» What the task requires
When you transcribe the entries below, begin at their first line and stop after the line containing "Wed, 18 Mar"; pictures stay out.
((
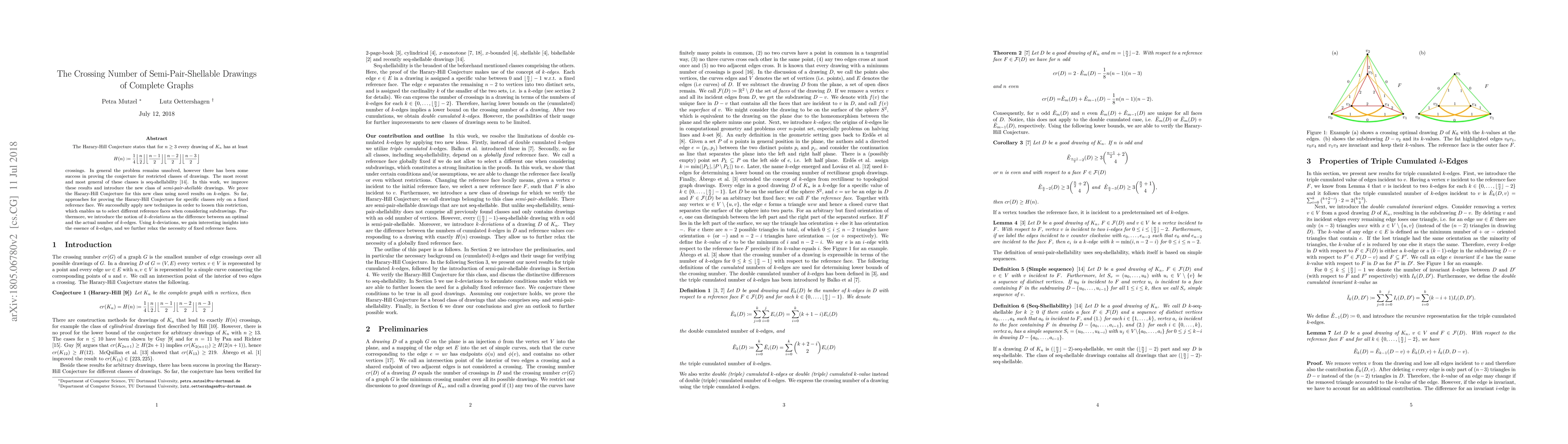 Researchers prove Harary-Hill Conjecture for semi-pair-shellable drawings of complete graphs, a generalization that allows for more flexible reference faces and deeper insights into the structure of k-edges.
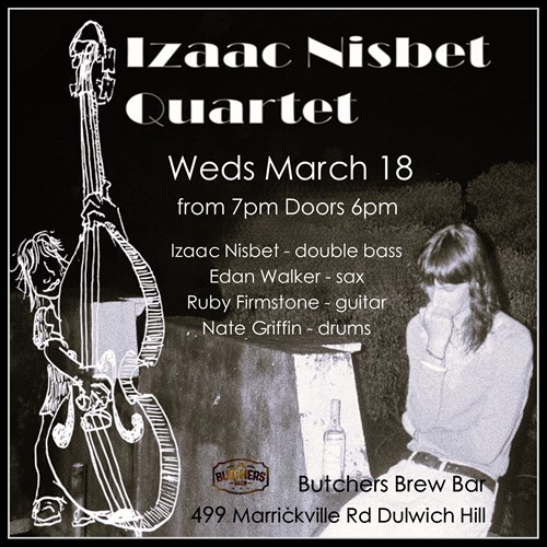 Wed, 18 Mar IZAAC NISBET QUARTET - LIVE AT BUTCHERS BREW BAR! Butchers Brew Bar 499 Marrickville Rd, Dulwich Hill |
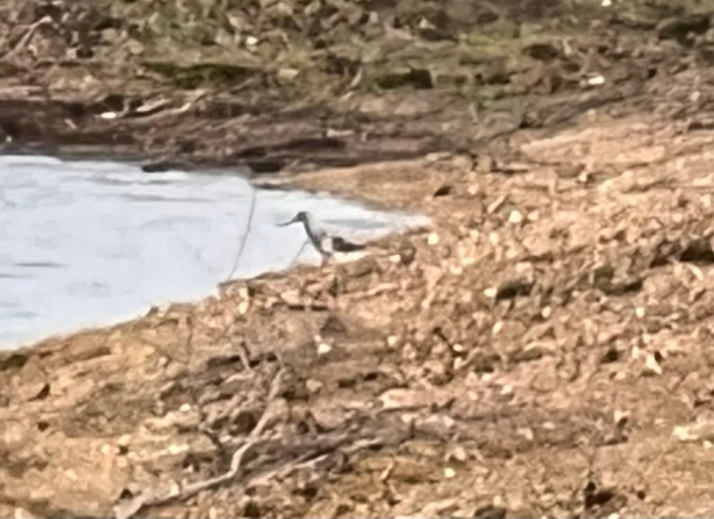 Other than that, it’s the usual. In bird news, I got a photo of the greater yellowlegs who’s making its annual visit. I love the sounds those guys make. I realize this photo isn’t great, but you can at least recognize its shape and bill. My “photos” of the weird kingfisher who has been visiting didn’t even capture its distinctive shape, and no matter how hard I try, I can’t get one of these darned lark sparrows to hold still. Why won’t the birds come closer so I can get an ID?
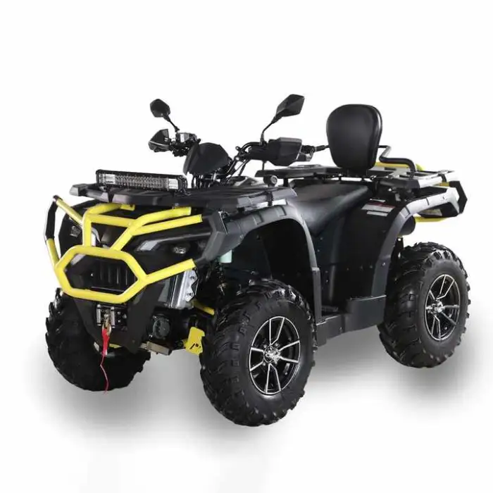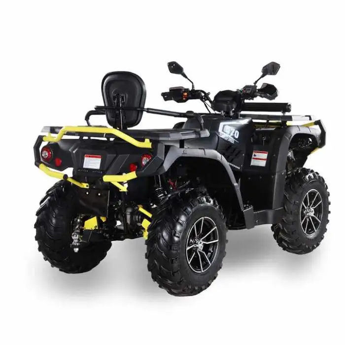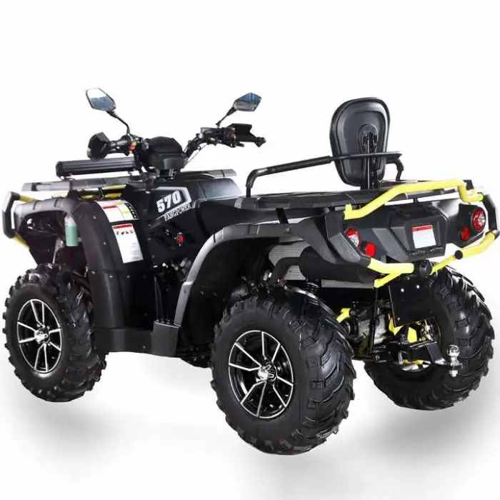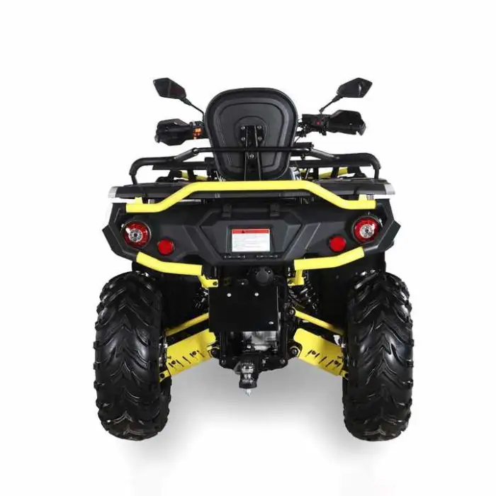 The ATV utilizes a Continuously Variable Transmission (CVT) system for smooth and efficient power delivery.
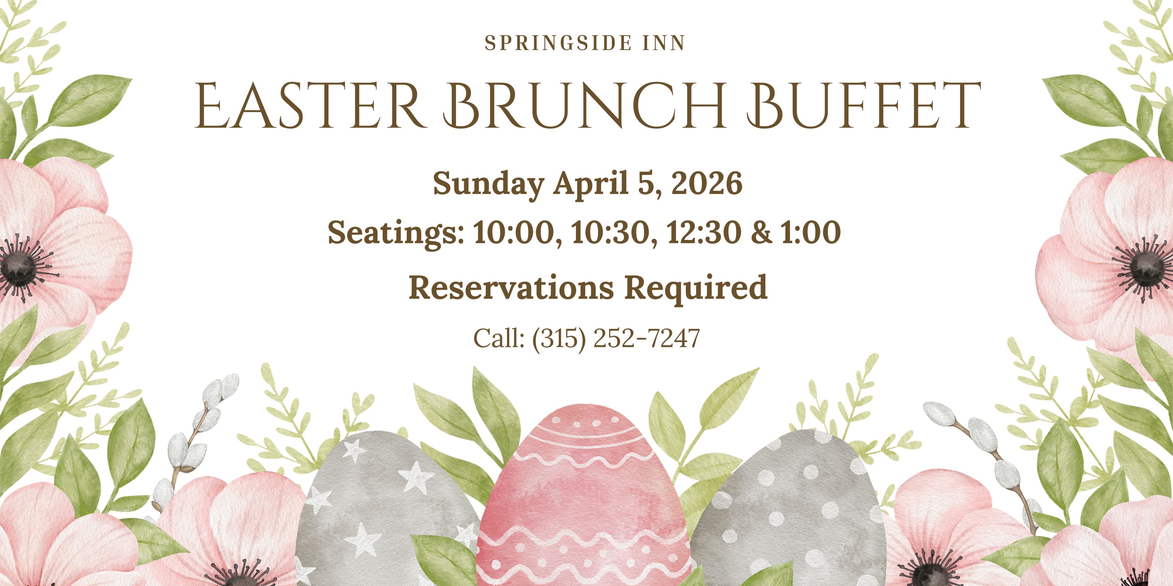 Springside Inn 6141 West Lake Rd, Auburn, New York, United StatesJoin us for our annual Easter Brunch Buffet. Enjoy this yearly tradition with delicious brunch favorites and Springside Inn's famous cheese souffle! Reservations Required: Seating Times are 10:00, 10:30, 12:30 …
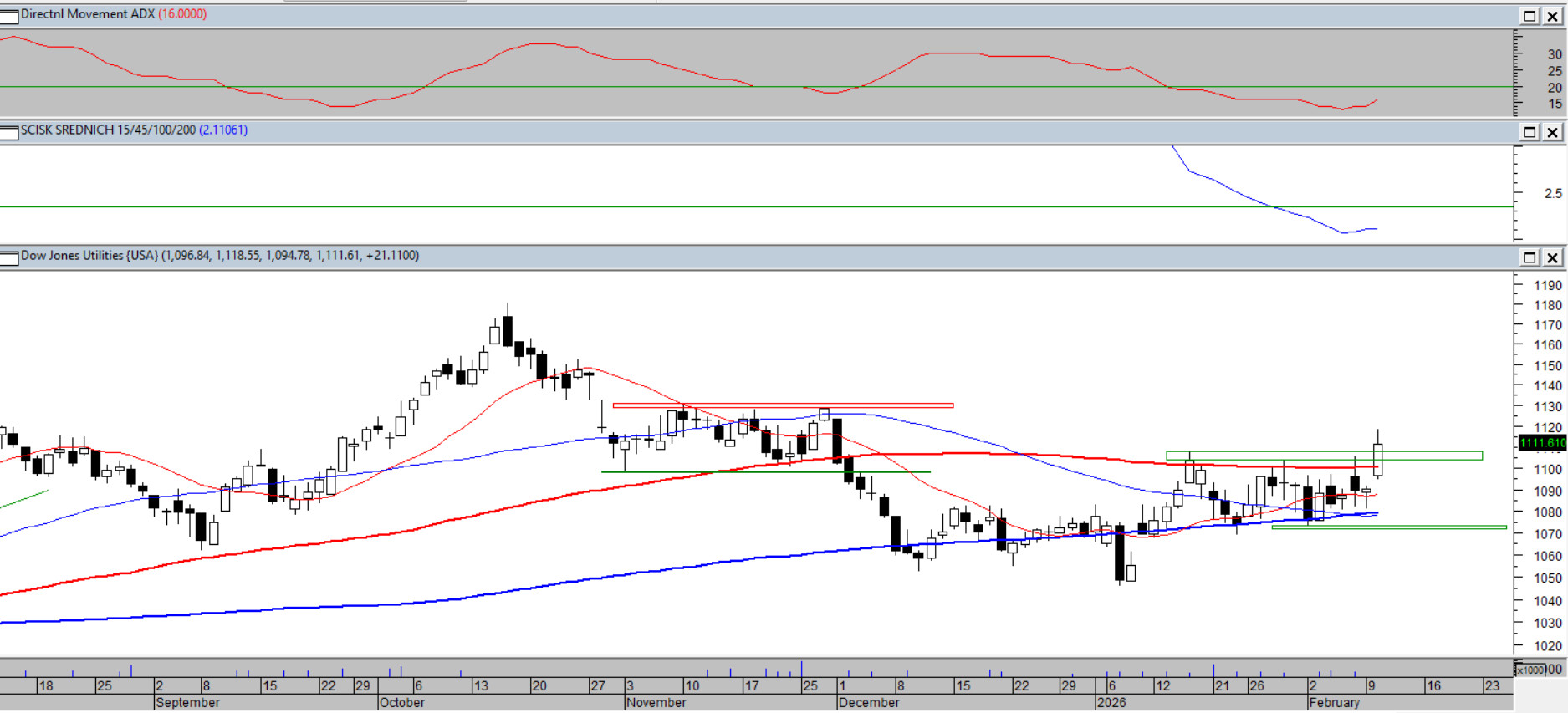 Podczas wtorkowej sesji indeks wybił się ze styczniowej konsolidacji. Sesji towarzyszyło dodatkowo otwarcie Okna Hossy. Wybicie oporu potwierdził lekki wzrost wskaźnika ADX(14), startujący z niskich poziomów, sugerując utrendowienie. Przesłanie z wtorku jest czytelne: byki dostały szansę na kontynuację nowo zainicjowanego impulsu, a cała strefa wsparcia aż do 1073 jest kluczowa. Średnie 15/45/100/200 ścisnęły się do poziomu 2%, najniższego od wakacji. To oznacza gotowość obu stron do wykonania kierunkowego ruchu.
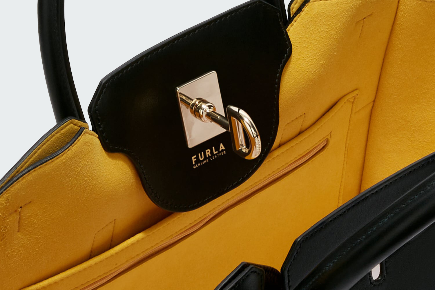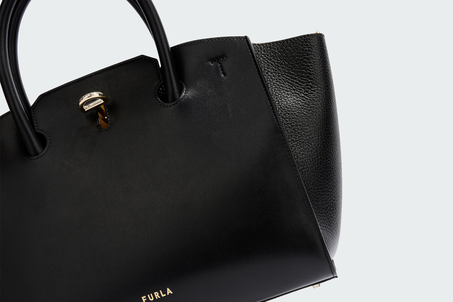 Сумка-тоут Furla Genesi, выполненная из гладкой кожи и отделанная тисненой кожей по бокам, отличается изысканным и оригинальным дизайном. Двойные ручки позволяют носить модель в руке, а плечевой ремень – на плече. Дизайн средней жесткости позволяет разместить в сумке необходимые предметы, благодаря чему она отлично подойдет на каждый день.
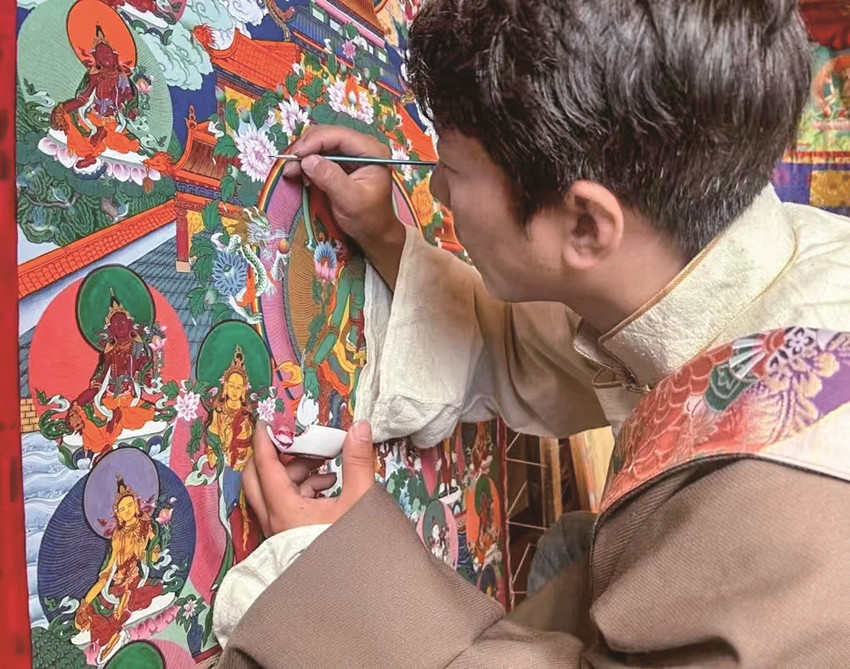 “唐卡作為中國民族繪畫藝術(shù)的珍品,不僅呈現(xiàn)精湛的技藝和美學(xué),更是傳遞一種文化?!睏畹潜硎?,他作為一名縣級非遺傳承人,要在繼承傳統(tǒng)技藝的基礎(chǔ)上,采用多元藝術(shù)技藝賦予傳統(tǒng)唐卡更多創(chuàng)意,讓民族文化瑰寶能夠更好地發(fā)揚(yáng)光大。
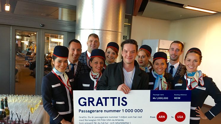 Norwegian hälsar idag passagerare nummer 1 000 000 som har flugit med Norwegians långlinjer på Stockholm Arlanda välkommen ombord. Bolagets långdistansverksamhet i Sverige startade i maj 2013 då första direktflyget gick till New York. Idag erbjuder Norwegian sju långdistanslinjer till USA och Thailand direkt från Stockholm vilket innebär att Norwegian är det flygbolag som har flest reguljära långlinjedestinationer från Arlanda. Totalt erbjuder bolaget nu hela 42 långdistanslinjer mellan USA och Europa och Thailand.
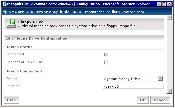 3. To connect this virtual machine to the floppy drive when the virtual machine is powered on, check Connect at Power On.
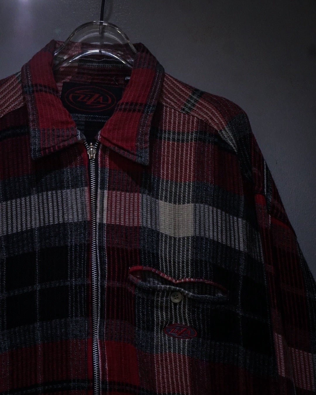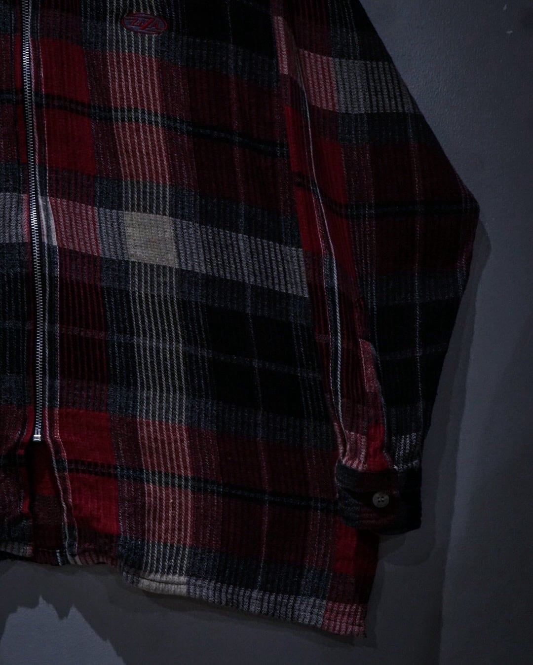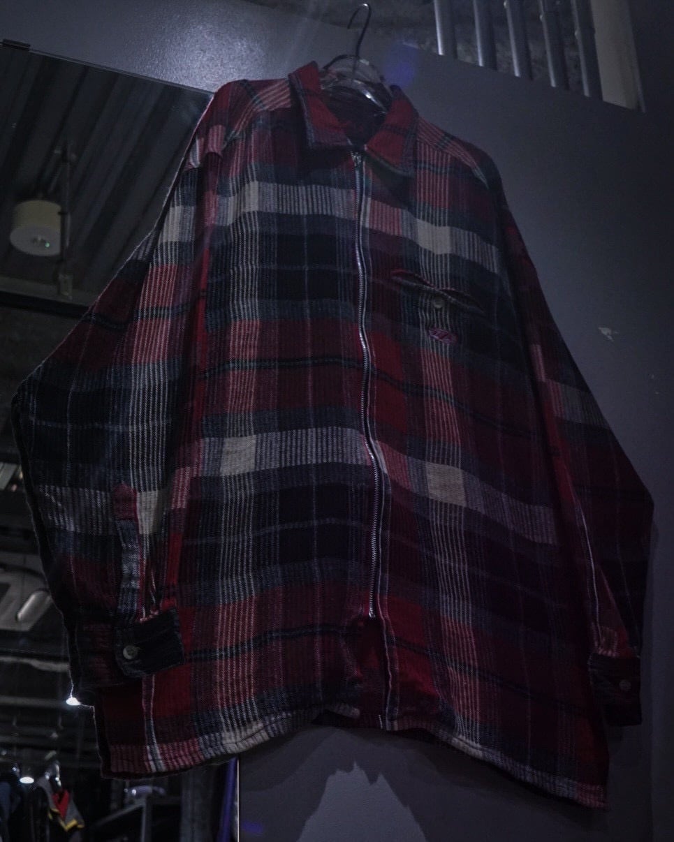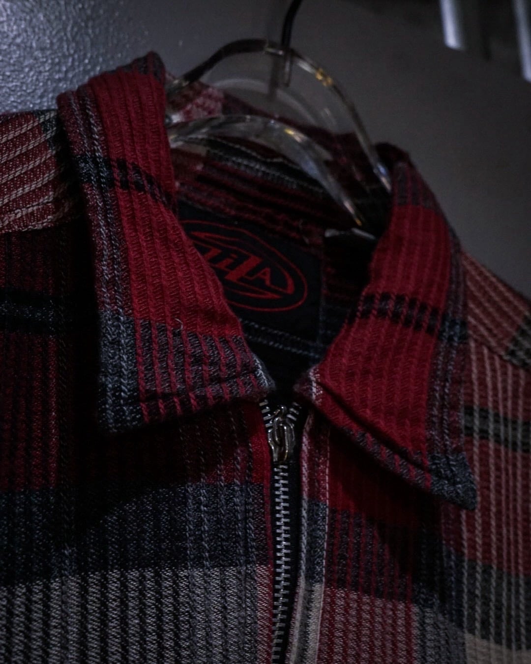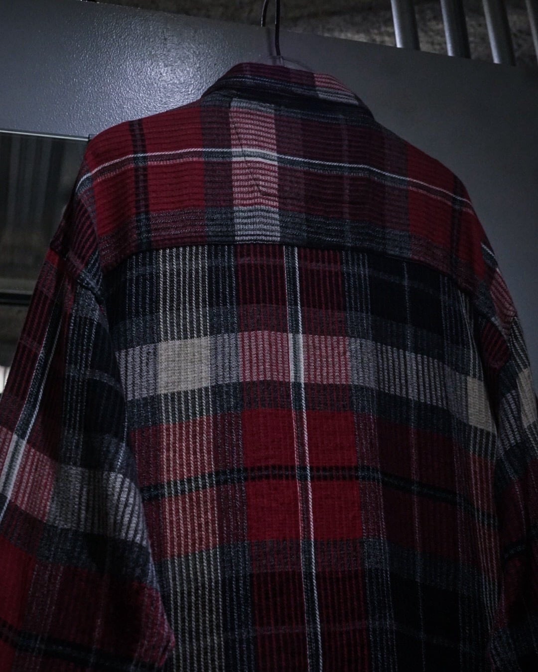 赤×黒×白の配色がスタイリングの主役を担う、チェック柄ジップアップシャツジャケットをご紹介いたします。
))
» Answer below
 Researchers prove Harary-Hill Conjecture for semi-pair-shellable drawings of complete graphs, a generalization that allows for more flexible reference faces and deeper insights into the structure of k-edges.
 Wed, 18 Mar IZAAC NISBET QUARTET - LIVE AT BUTCHERS BREW BAR! Butchers Brew Bar 499 Marrickville Rd, Dulwich Hill |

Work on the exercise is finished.